Our derivations were getting nasty -- but why? I was puzzled, frustrated. Was there no communication in this class? Had we deteriorated to the level of dumb beasts?
Because my education was true. I was certain of that. And it was extremely important, I felt, for the meaning of our examples to be made absolutely clear. We had actually seen sitting there in the Showdown -- for many hours -- drinking Shiner Bock by the pitcher with water chasers. And when the call came, we were ready.
The dwarf approached our table cautiously, as I recall, and when he handed me pink cellphone I said nothing, merely listened. And then I hung up, turning my face to my classmates. "That was headquarters," I said. "They want me to go to Linguistics at once, and make contact with a German semanticist named Schwarz. He'll have all the details. All I have to do is register for the class and he'll raise quantifiers."
My classmates said nothing for a moment, then they suddenly came alive in their chairs. "God hell!" they exclaimed. "I think I see the pattern. This one sounds like real trouble! They tucked their t-shirts into their boot cut jeans and called for another drink. "You're going to need plenty of linguistic advice before this thing is over," they said. "And my first advice to you is that you should check out a very fast book with no cover and get the hell out of Austin for at least 48 hours." They shook their heads sadly. "That blows my weekend, because naturally we have to go with you -- and we'll have to arm ourselves."
"Why not?" I said. "If a thing like this is worth doing at all, it's worth doing right.
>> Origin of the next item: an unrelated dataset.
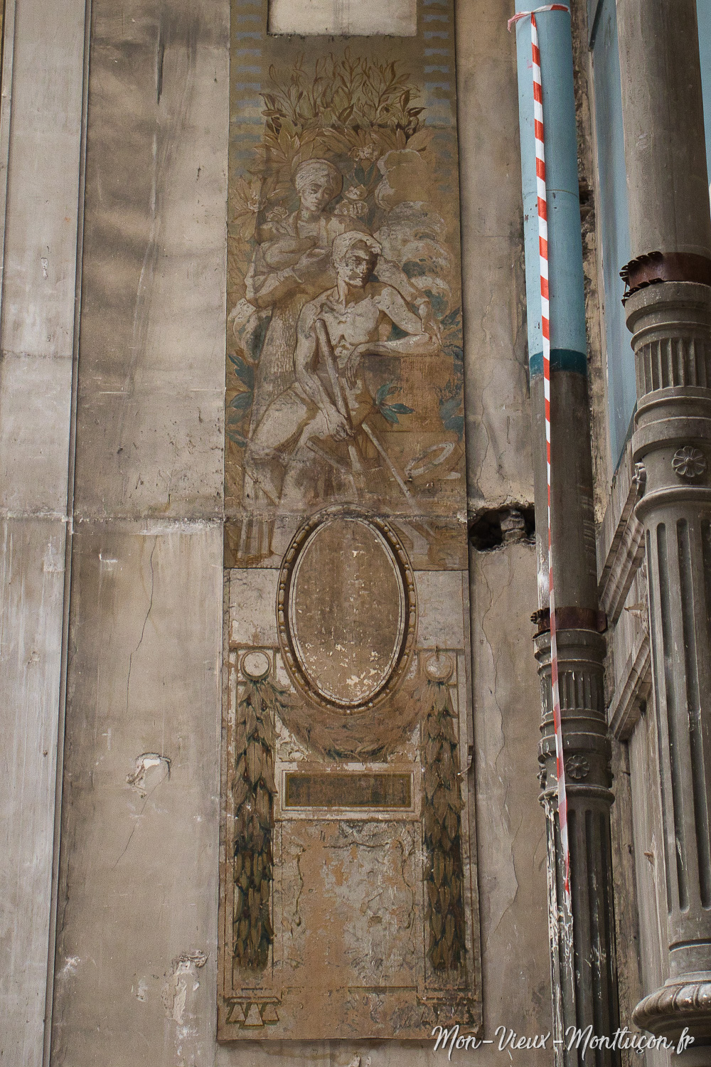 Travaux à l'hôtel de ville : fresque verticale "Famille" des frères Barberis

We'll need some decent equipment and plenty of cash on the line -- if only for books and a a super-sensitive tape recorder, for the sake of a permanent record."
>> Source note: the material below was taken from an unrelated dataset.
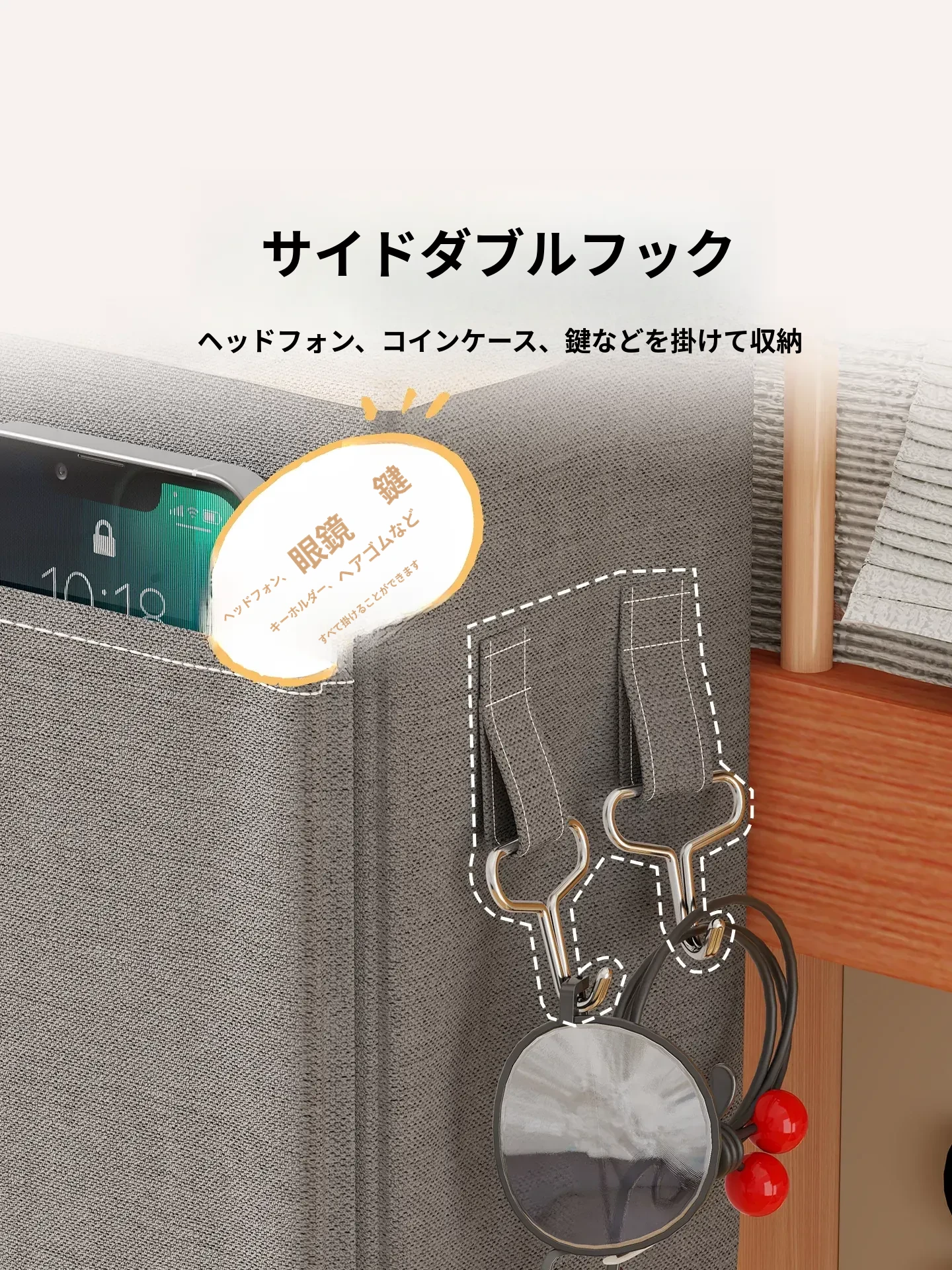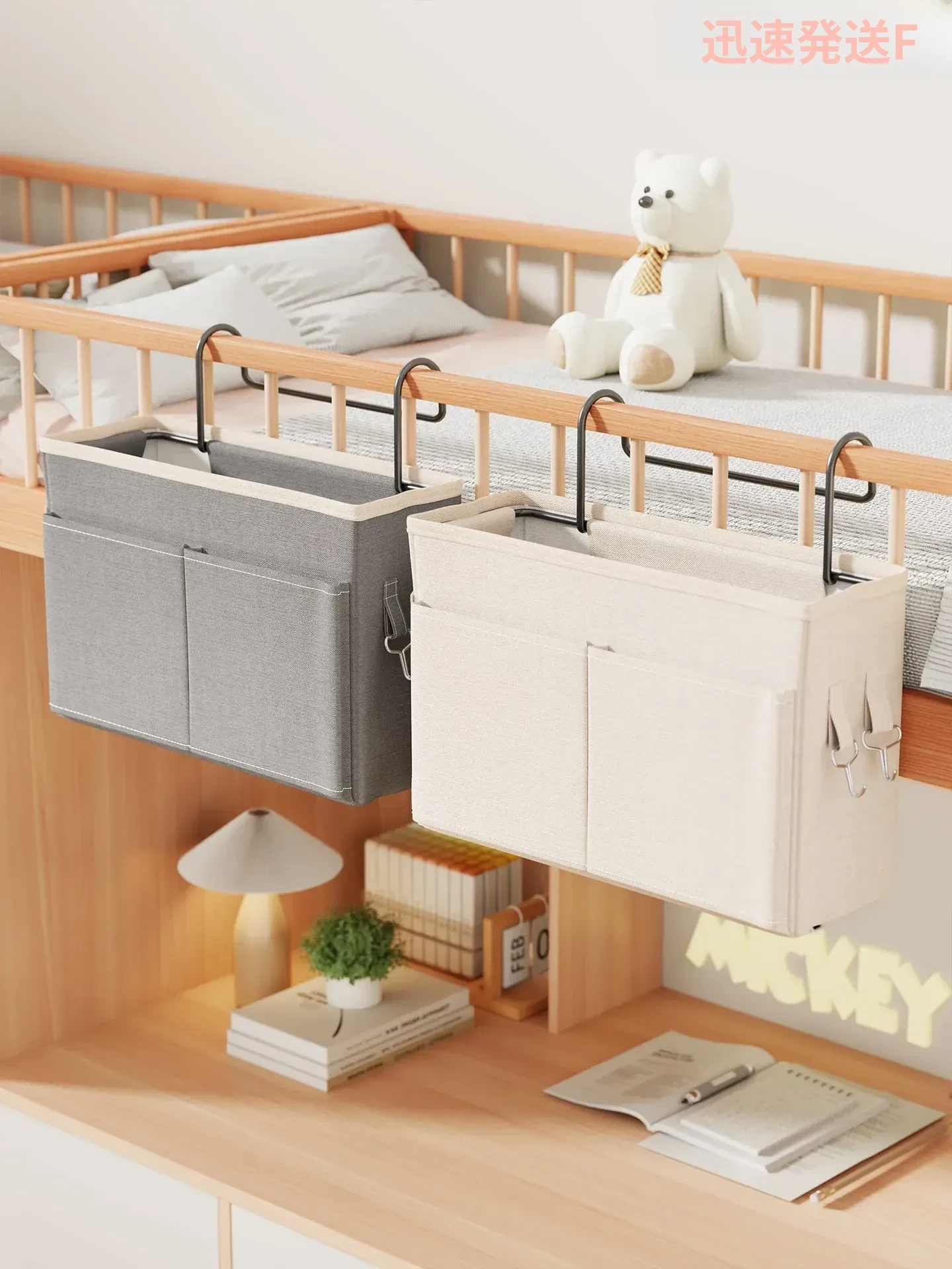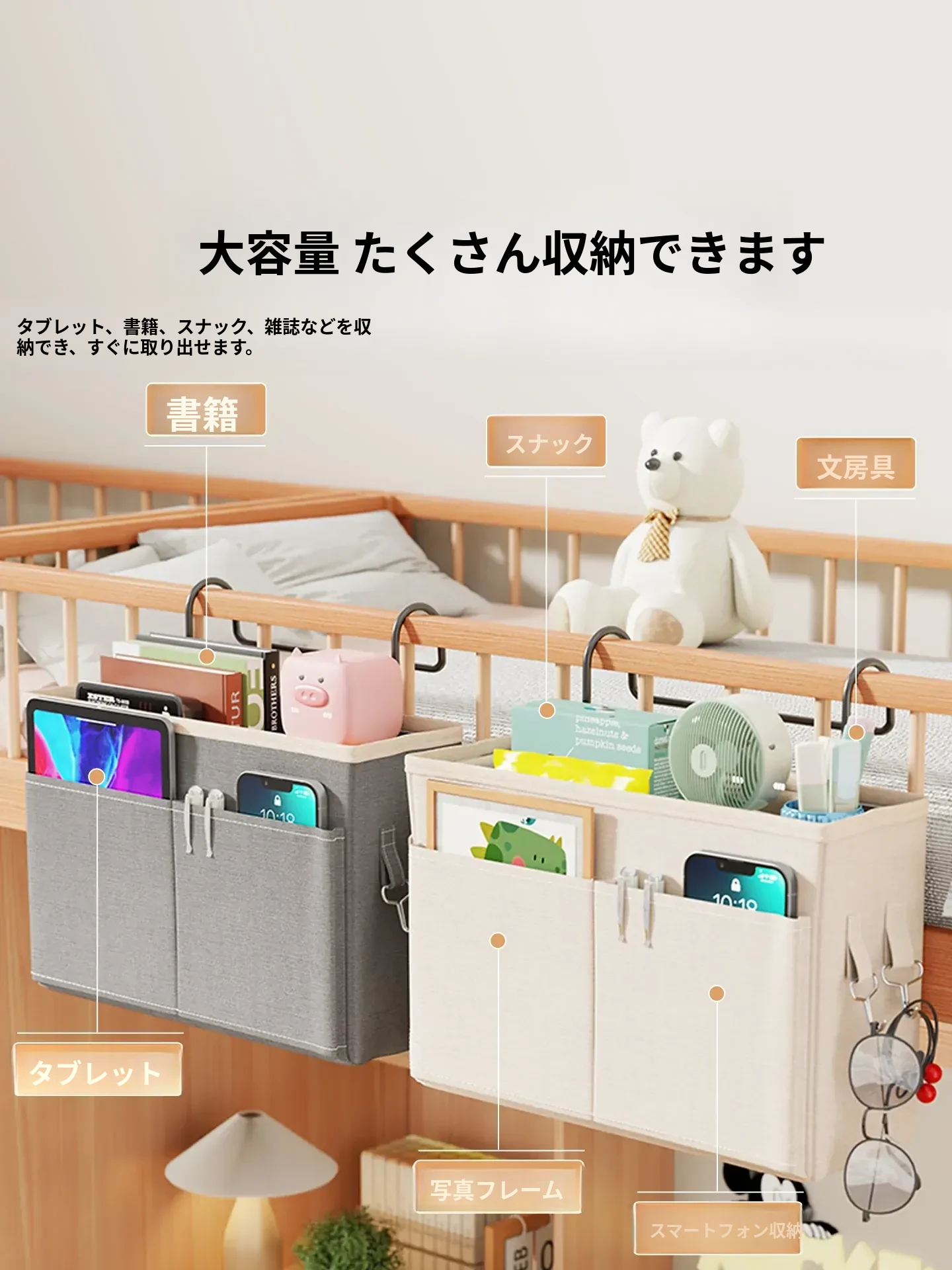 宿舎用ベッドサイド収納ポケット - 穴を開けずに簡単取り付け!上段用の分割式ハンギングファブリック収納バッグで、寝室をスッキリ整理!

"What kind of study is this?" they asked.
"The Fall 2005," I said. "It's the next off-the-track semester for linguists and philosophers in the history of institutionalized education -- a fanatic journey in honor of some stuck-up MIT persona named Chomsky, who owns the syntactic Minimalism in the heart of downtown Linguistics . . . at least that's what the literature says; my man in Boston just read it to me."
"Well," they said. "as your classmates we advise you to buy a Minimalist textbook. How else can you cover a thing like this righteously?"
"No way," I said. "Where can we get hold of a Lexicalist Functional Grammar text?"
"What's that?"
"A fantastic theory," I said. "The new model is something like two thousand cubic inches, developing two hundred brake-horsepower at hour hundred revolutions per minute on a lexical frame with two styrofoam brackets and a total curb weight of exactly two hundred pounds."
"That sounds about right for this gig," they said.
"It is," I assured them. "The fucker's not much for exceptions, but it's pure hell on grammaticality. It'll outrun the GB until takeoff."
"Takeoff?" they said. "Can we handle that much torque?"
"Absolutely," I said. "I'll call Boston for some cash."